In short, when determining the validity of an inventory search, "two elements must be examined: first, the relationship between the search procedure adopted and the governmental objectives that justify the intrusion and, second, the adequacy of the controls on the officer's discretion" (Galak, 80 NY2d at 719).{**13 NY3d at 11} [*4]

As relevant to the particular case, courts may take judicial notice of the standardized search procedure. While this procedure need not be offered into evidence, a description of what the procedure requires must be proffered.

Here, the People did not sustain their initial burden of establishing a valid inventory search. Although the NYPD has a standardized, written protocol governing inventory searches in its Patrol Guide and the arresting officer testified that he was familiar with it, the People offered no evidence that the police officers conducted this search in accordance with the protocol. Even assuming it was reasonable for the officers to search the immediate area of the passenger compartment of defendant's car for contraband to ensure the safety of the officer driving the car back to the police precinct, the People did not establish the circumstances under which opening and searching a closed trunk or a door panel would be justified under the protocol.

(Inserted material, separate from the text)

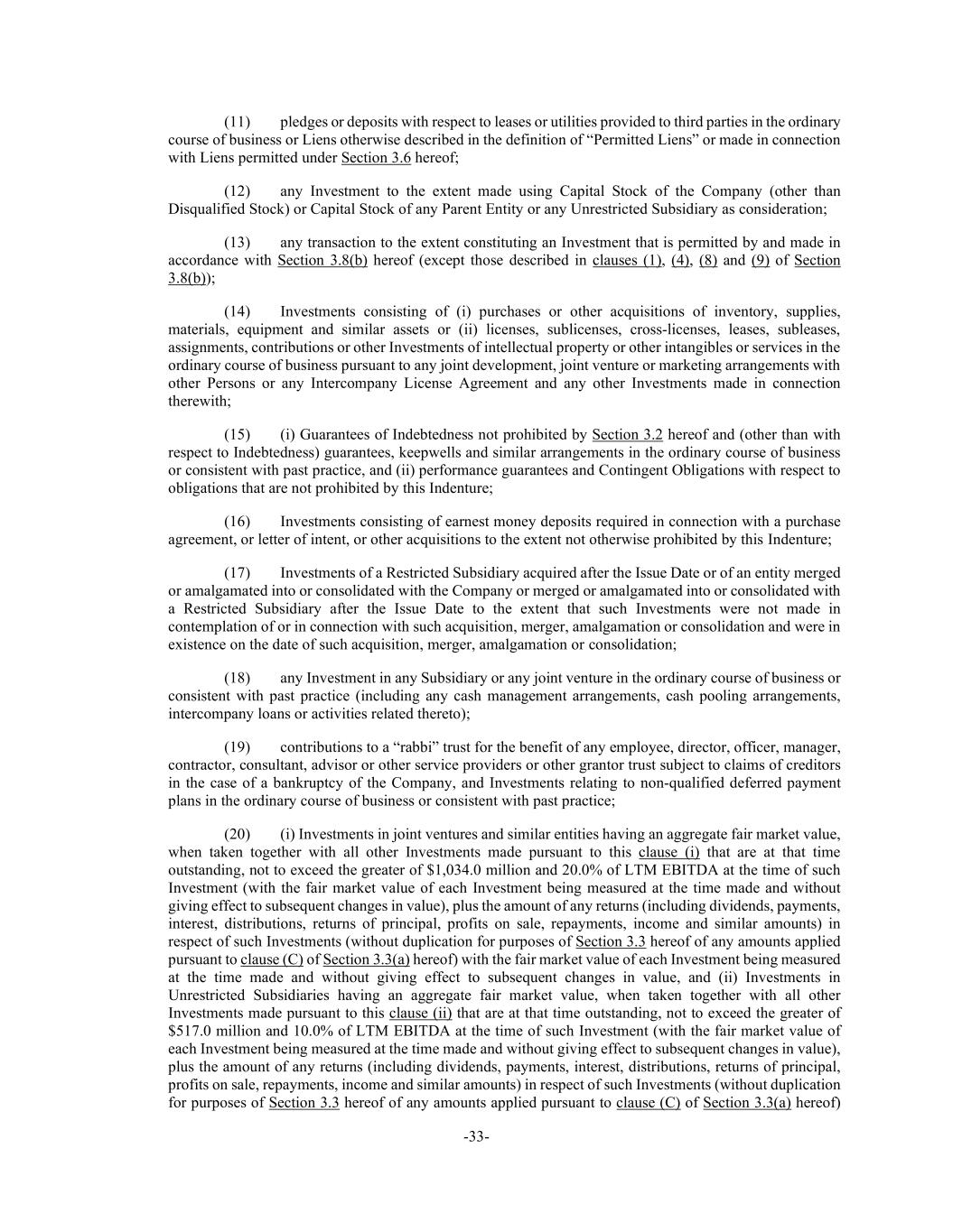 -33- (11) pledges or deposits with respect to leases or utilities provided to third parties in the ordinary course of business or Liens otherwise described in the definition of “Permitted Liens” or made in connection with Liens permitted under Section 3.6 hereof; (12) any Investment to the extent made using Capital Stock of the Company (other than Disqualified Stock) or Capital Stock of any Parent Entity or any Unrestricted Subsidiary as consideration; (13) any transaction to the extent constituting an Investment that is permitted by and made in accordance with Section 3.8(b) hereof (except those described in clauses (1), (4), (8) and (9) of Section 3.8(b)); (14) Investments consisting of (i) purchases or other acquisitions of inventory, supplies, materials, equipment and similar assets or (ii) licenses, sublicenses, cross-licenses, leases, subleases, assignments, contributions or other Investments of intellectual property or other intangibles or services in the ordinary course of business pursuant to any joint development, joint venture or marketing arrangements with other Persons or any Intercompany License Agreement and any other Investments made in connection therewith; (15) (i) Guarantees of Indebtedness not prohibited by Section 3.2 hereof and (other than with respect to Indebtedness) guarantees, keepwells and similar arrangements in the ordinary course of business or consistent with past practice, and (ii) performance guarantees and Contingent Obligations with respect to obligations that are not prohibited by this Indenture; (16) Investments consisting of earnest money deposits required in connection with a purchase agreement, or letter of intent, or other acquisitions to the extent not otherwise prohibited by this Indenture; (17) Investments of a Restricted Subsidiary acquired after the Issue Date or of an entity merged or amalgamated into or consolidated with the Company or merged or amalgamated into or consolidated with a Restricted Subsidiary after the Issue Date to the extent that such Investments were not made in contemplation of or in connection with such acquisition, merger, amalgamation or consolidation and were in existence on the date of such acquisition, merger, amalgamation or consolidation; (18) any Investment in any Subsidiary or any joint venture in the ordinary course of business or consistent with past practice (including any cash management arrangements, cash pooling arrangements, intercompany loans or activities related thereto); (19) contributions to a “rabbi” trust for the benefit of any employee, director, officer, manager, contractor, consultant, advisor or other service providers or other grantor trust subject to claims of creditors in the case of a bankruptcy of the Company, and Investments relating to non-qualified deferred payment plans in the ordinary course of business or consistent with past practice; (20) (i) Investments in joint ventures and similar entities having an aggregate fair market value, when taken together with all other Investments made pursuant to this clause (i) that are at that time outstanding, not to exceed the greater of $1,034.0 million and 20.0% of LTM EBITDA at the time of such Investment (with the fair market value of each Investment being measured at the time made and without giving effect to subsequent changes in value), plus the amount of any returns (including dividends, payments, interest, distributions, returns of principal, profits on sale, repayments, income and similar amounts) in respect of such Investments (without duplication for purposes of Section 3.3 hereof of any amounts applied pursuant to clause (C) of Section 3.3(a) hereof) with the fair market value of each Investment being measured at the time made and without giving effect to subsequent changes in value, and (ii) Investments in Unrestricted Subsidiaries having an aggregate fair market value, when taken together with all other Investments made pursuant to this clause (ii) that are at that time outstanding, not to exceed the greater of $517.0 million and 10.0% of LTM EBITDA at the time of such Investment (with the fair market value of each Investment being measured at the time made and without giving effect to subsequent changes in value), plus the amount of any returns (including dividends, payments, interest, distributions, returns of principal, profits on sale, repayments, income and similar amounts) in respect of such Investments (without duplication for purposes of Section 3.3 hereof of any amounts applied pursuant to clause (C) of Section 3.3(a) hereof)

Moreover, our jurisprudence requires that a police officer prepare a meaningful inventory of the contents of an accused's car (see Johnson, 1 NY3d at 256; Galak, 80 NY2d at 720). Here, although the arresting officer filled out a voucher—a form police officers use to list items held as evidence—and forfeiture paperwork, the People failed to establish that no other items aside from the contraband were found in defendant's vehicle. Our determination is not based on the officer's failure to prepare the inventory search form prescribed under the Patrol Guide protocol. Such an inflexible rule could unnecessarily hamstring police officers in the exercise of their duties. Thus, the failure to use an inventory search form, while a technical defect, is not fatal to the establishment of a valid inventory search as long as (1) the search, in accordance with the "standardized procedure," is designed to produce an inventory and (2) the search results are fully recorded in a usable format. Simply put, the search at bar was not designed to produce an inventory.

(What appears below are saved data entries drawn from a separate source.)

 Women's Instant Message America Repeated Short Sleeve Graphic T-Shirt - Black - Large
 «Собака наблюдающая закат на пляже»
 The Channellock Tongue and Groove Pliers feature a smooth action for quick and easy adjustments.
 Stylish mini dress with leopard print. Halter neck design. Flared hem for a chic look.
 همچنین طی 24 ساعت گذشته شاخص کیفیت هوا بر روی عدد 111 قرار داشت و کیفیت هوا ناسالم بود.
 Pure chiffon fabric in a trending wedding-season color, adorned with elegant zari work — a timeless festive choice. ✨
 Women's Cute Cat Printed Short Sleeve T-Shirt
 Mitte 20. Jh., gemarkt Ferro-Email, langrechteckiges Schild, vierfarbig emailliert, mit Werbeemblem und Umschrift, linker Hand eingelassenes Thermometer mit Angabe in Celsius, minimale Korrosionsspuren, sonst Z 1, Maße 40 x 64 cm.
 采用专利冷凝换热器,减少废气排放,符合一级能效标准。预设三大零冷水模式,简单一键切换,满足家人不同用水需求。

Accordingly, the order of the Appellate Division should be affirmed.

Judges Ciparick, Graffeo, Read, Smith and Pigott concur; Chief Judge Lippman taking no part.

Order affirmed.

Footnotes


Footnote 1: On or about June 22, 2005, when one of the arresting officers responded to a domestic dispute at the home of defendant's mother, defendant made these threats. Although this officer neither searched for nor recovered a gun, he took defendant to Bellevue Hospital for treatment.

Footnote 2: According to the People, defendant has completed his sentence and is at liberty.